I'm new to real estate and I dont know how to start

3 Replies

Hi I'm looking at getting into the business but don't how to get started or even the general swing of things. I need someone to show the ropes because I'm completely clueless. 

I see no one else has answered you, so I will, but I can only tell you from my limited experience.  Mostly, I recommend you listen to the podcasts and watch the videos on here as well as read books.  They will be able to tell you far more than I can.  I have a financial planner who guides me through my decisions.

I strictly do buy and hold, so that's all I can recommend from experience.  I'm terrible at being the bad guy, so I use a property manager.  I know, I'm not able to give you info on the best way to do things.  lol  But for me, this is the best way because if I can't evict a tenant, then I'm in trouble.  Not to mention, I'm not even good about collecting rent on time.  Plus, I'm pretty disorganized.  I learned from experience and hired an expert.  lol 

So, all that being said, I tend to lean towards property that is already being used as rentals as that way I can find out their rental history and have a good idea if they will be rentable and for how much.  I have 2 duplexes I bought and they had a great rental history.  I got them about 8 years ago and they never spend more than a week or so vacant, if that.  They've been great!

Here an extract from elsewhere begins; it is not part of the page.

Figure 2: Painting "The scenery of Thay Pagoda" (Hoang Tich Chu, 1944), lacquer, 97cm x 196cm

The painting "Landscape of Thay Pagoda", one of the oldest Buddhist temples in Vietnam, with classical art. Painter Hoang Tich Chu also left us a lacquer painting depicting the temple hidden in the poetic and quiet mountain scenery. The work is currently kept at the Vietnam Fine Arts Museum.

I have what was my primary residence as well.  One thing I can tell you is not to buy a "down house" (a house where the property slants towards the house).  My mom told me not to as our home was also a down house and my parents were always fighting foundation problems (due to water).  I bought a down house and have spent the whole time fighting water.  DON'T DO IT!

Be sure to check out the area before even looking at the property to save yourself time and to protect from falling in love with something you shouldn't.  I refuse to buy in high crime areas, so I check Trulia, though I hear there are better ways.  lol  I've also asked the police department what their opinion was when I was looking at an area I wasn't familiar with.  I've done the same with the Chamber of Commerce.  But if you already know the area, that's probably not necessary.

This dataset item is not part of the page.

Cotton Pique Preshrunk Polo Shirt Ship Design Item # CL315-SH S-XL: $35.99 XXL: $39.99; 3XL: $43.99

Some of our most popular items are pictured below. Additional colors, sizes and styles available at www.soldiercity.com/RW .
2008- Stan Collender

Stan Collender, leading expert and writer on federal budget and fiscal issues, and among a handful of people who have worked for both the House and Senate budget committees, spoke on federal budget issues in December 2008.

There are some worksheets on here to help you decide if something will be cash flow positive, and if so, how much.  But if you're just a free member, you can only use them 5 times.  Though I'm sure there are other sites around the internet that do the same thing.  

This is obvious, but be sure to get a home inspection so you know what you are getting into and can hopefully get the sellers to pay for some of the issues.

If you decide to use property managers, research first.  I got mine on the recommendation of a family friend.  While they are the cheapest in town and they haven't done me wrong, they certainly aren't the best.  I need to stay on them to ensure things like repairs are done.  It took me asking 4 times over 5 years to get a simple mailbox replaced.  Also, whether you live in the area or not, I suggest checking on the properties, inside and out, at least once a year.  This is how I found out one of the mail boxes was rusting out and the door was off it.  The tenant apparently hadn't complained and the property managers hadn't noticed (or cared).  (Why do I keep them?  Like I said, I'm terrible at being the bad guy!  Not to mention, the mom of one of my high school friends is my manager.  Doh!)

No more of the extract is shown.